Motion in straight line with variable acceleration with Problem and solutions
Motion in straight line with variable acceleration
A particle may move in a straight line with a non-uniform accleration i,e variable acceleration
There is no direct formula for motion in it as the equation would vary in each case
we need to apply the basic formula to get the velocity ,acceleration in it
Formula to be used
(1) Instantanous velocity is given by
$v= \frac {dx}{dt}$
(2) Instantanous acceleration is given by
$a= \frac {dv}{dt}= v\frac {dv}{dx}$
(3) Average velocity is given by
$v_{avg} = \frac {\int_{0}^{t }vdt}{\int_{0}^{t }dt}$
(4) Average acceleration is given by
$a_{avg} = \frac {\int_{0}^{t }adt}{\int_{0}^{t }dt}$
Solved Examples
Question 1
Motion of a particle is given by the equation
$x=3t^3 + 7t^2 + 14t + 8$
where t in sec and x is in meter.
(a) Find the position of the particle at 1 sec
(b)Find the displacement of the particle in the time interval from t=0 to t=4 sec
(c) Find the value of the velocity at 2 sec
(d) Find the value of the acceleration of the particle at t=1 sec
(e) Find the average velocity of the particle in the interval t=2 sec to t=4 sec Solution
(a) position of the particle at 1 sec is given by
$x_{1}= 3(1)^3 + 7(1)^2 + 14(1) + 8=32$ m
(b)Position of the particle at 4 sec is given by
$x_4=3(4)^3+ 7(4)^2 + 14(4) + 8=192 + 112+ 28+8=368$ m
We already know the position of the particle at t=0
Displacement between t=0 to t=4 is given by
$=x_4 - x_0=368 -32=336$m
(c) Velocity is given by
$v=\frac {dx}{dt} = 9t^2 + 14t + 14$
Now velocity at 2 sec
$v_2=9(2)^2 + 14(2) + 14=78$m/s
(d) Accleration is given by
$a=\frac {dv}{dt}=18t + 14$
Now acceleration of the particle at t=1 sec
$a_1=18(1) + 14=32$m/s^{2}
(e)Average velocity will be give as
$=\frac {x_4 -x_2}{4-2}$
Now
$x_2=3(2)^3+ 7(2)^2 + 14(2) + 8=24+28+ 28+8=88$ m
So Average velocity
$= \frac {336-88}{2}=124$ m/s
Question 2
The distance x of a particle moving in one-direction, under the action of a constant force is related to time by equation
$t= \sqrt {x} +3$
where x is in metres, t is in seconds.
Find the displacement of the particle when its velocity is zero.
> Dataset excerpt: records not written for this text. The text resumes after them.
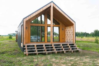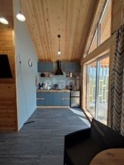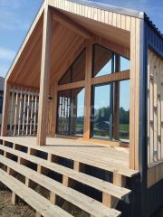 Дом состоит из большой террасы, кухни-гостиной, спальни, прихожей, санузла и технической комнаты (в которой расхоложены все инженерные системы). В просторной кухне-гостиной, с панорамными окнами, открывается шикарный вид на лес, а теплыми вечерами можно наслаждаться пением птиц на просторной террасе.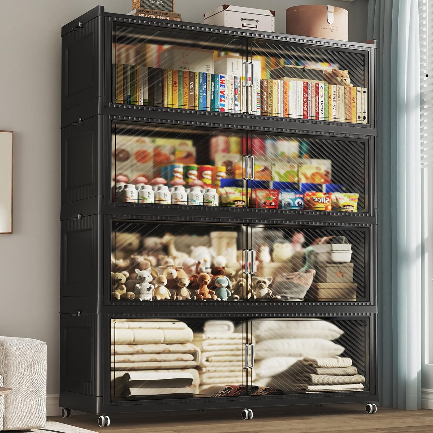 - 【Two Ways to Open & Magnetic Doors】The collapsible storage bins with lids and wheels feature a dual access way, allowing for both top and front door openings, and with clear brown windows for easy visibility. The super huge storage bins with open front doors are equipped with magnetic lock buckles to prevent dust from entering the cabinet.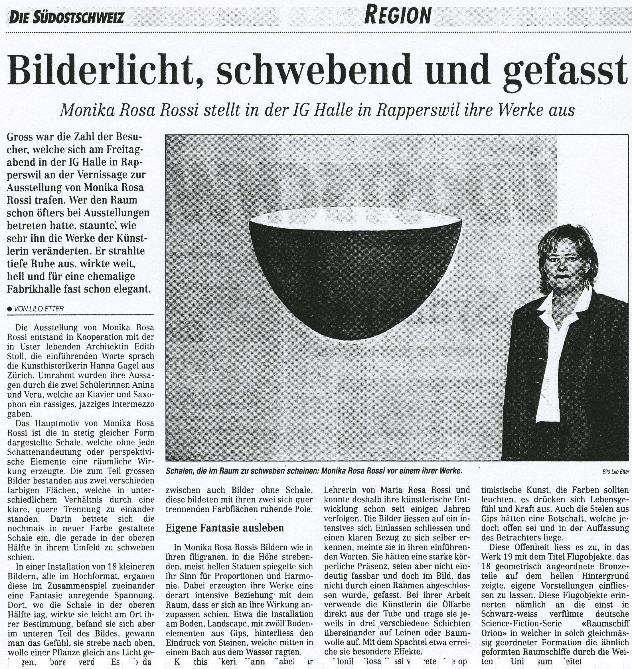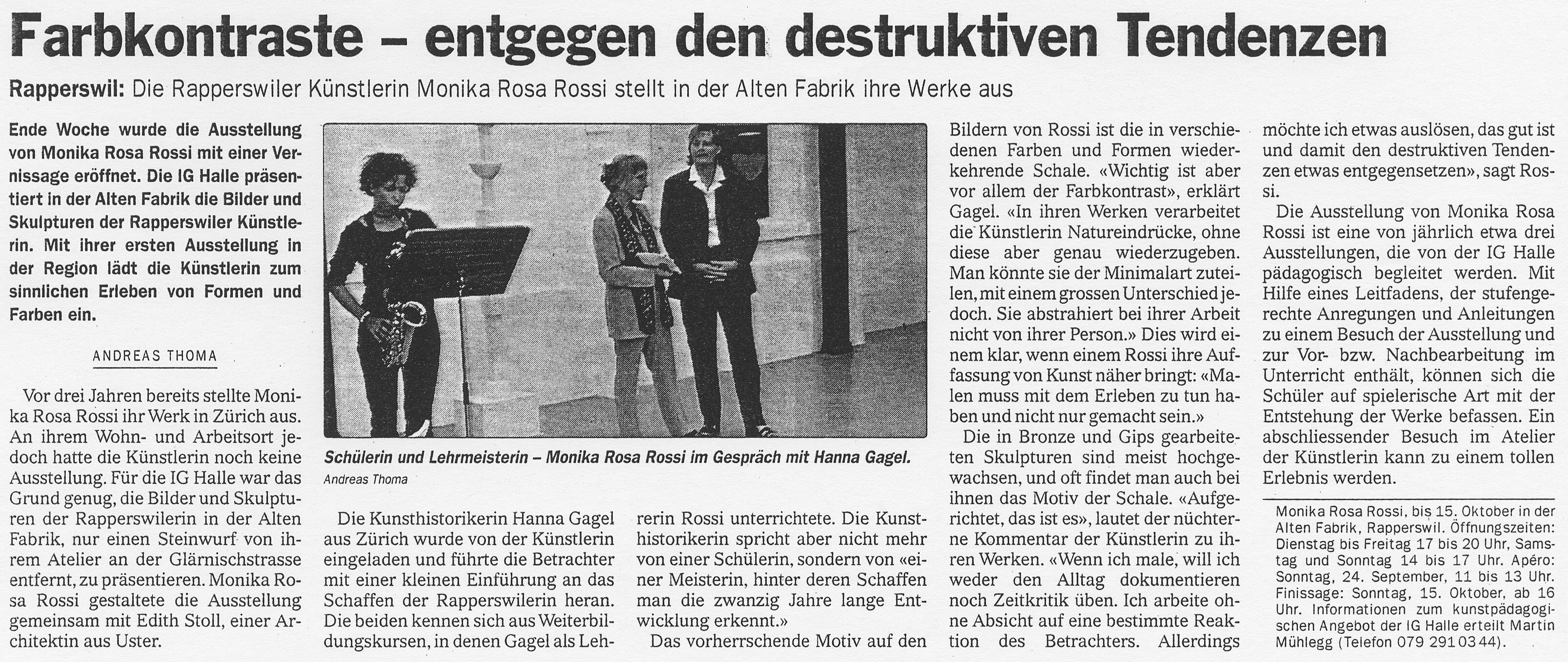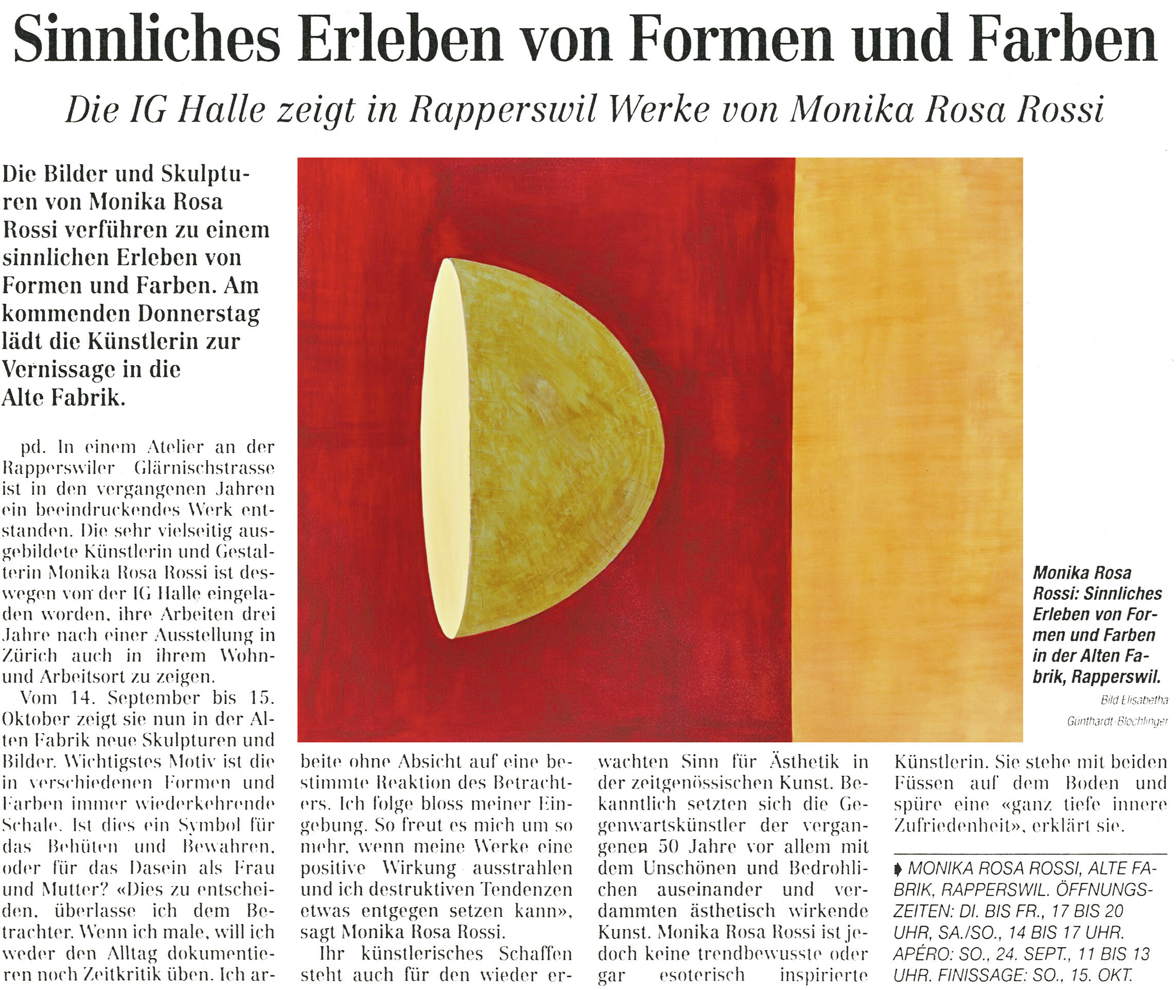 Vom 14. September bis 15. Oktober zeigt sie nun in der Alten Fabrik neue Skulpturen und Bilder. Wichtigstes Motiv ist die in verschiedenen Formen und Farben immer wieder kehrende Schale. Ist dies ein Symbol für das Behüten und Bewahren, oder für das Dasein als Frau und Mutter? „Dies zu entscheiden, überlasse ich dem Betrachter. Wenn ich male, will ich weder den Alltag dokumentieren noch Zeitkritik üben. Ich arbeite ohne Absicht auf eine bestimmte Reaktion des Betrachters. Ich folge bloss meiner Eingebung. So freut es mich umso mehr, wenn meine Werke eine positive Wirkung ausstrahlen und ich destruktiven Tendenzen etwas entgegen setzen kann“, sagt Monika Rosa Rossi.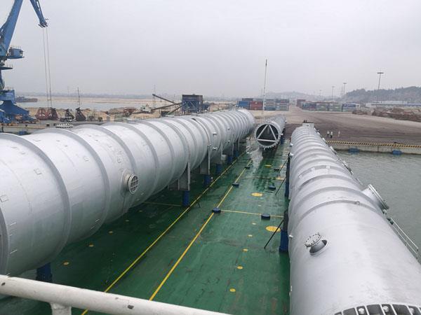 5月15日,在莆田海事局秀屿港海事处执法人员的现场监管服务下,直径5.6米、昌67.75米、重达266.8吨的环乙酮塔在秀屿莆头港成功滚装上岸,这是该港区建成以来装卸的单体重量最大、难度最大的设备。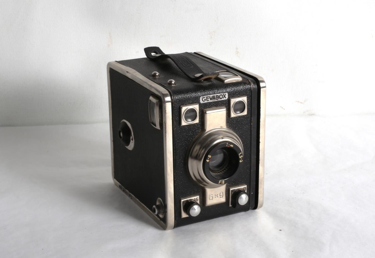 Svört kassamyndavél af gerðinni "Gevart Gevabox 6x9". Myndavélin úr búi foreldra gefanda, þeirra Hans Kristins Aðalsteinssonar og Láru Ásgerðar Albertsdóttur.
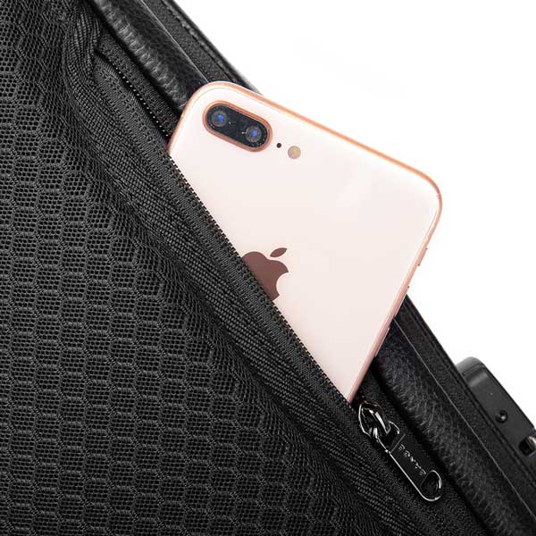 این کیف هوشمند طوری طراحی شده است که هر چیزی را که نیاز دارید در خود جای دهید و با خیال راحت به هر کجا که می خواهید بروید و به انجام کارهایتان مشغول شوید. قفل ضد سرقت با داشتن رمز عبور تضمین موثر ایمنی برای اموال شما در سفر نیز میباشد.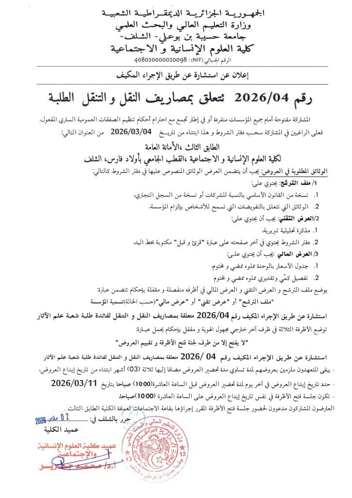 إعلان عن إستشارة رقم 03-2026 تتعلق بخدمات الإيواء والإطعام

Solution
The equation of time is given as,
$t= \sqrt {x} +3$
it can be rearranged as
$\sqrt {x} =t−3$
Squarring both the sides
$x=t^2 -6t+9$
The velocity is given as,
$v=\frac {dx}{dt} =2t−6$
When the velocity is zero, it can be written as,
0=2t−6
t=3
Therefore The displacement at 3s is given as,
$\sqrt x=3-3$
$x=0$
Problems
Question 1
A particle’s position on the x axis is given by
$x = 4 - 27t + t^3$
with x in meters and t in seconds.
Find the particle’s velocity function v(t) and acceleration function a(t).
Question 2
A particle initialy moving with velocity u is subjected to a retarding force as a result, it deccelerates with $a=-k \sqrt {v}$ where v is instantanous velocity and k is positive constant.
Find the time taken by the particle to come to rest?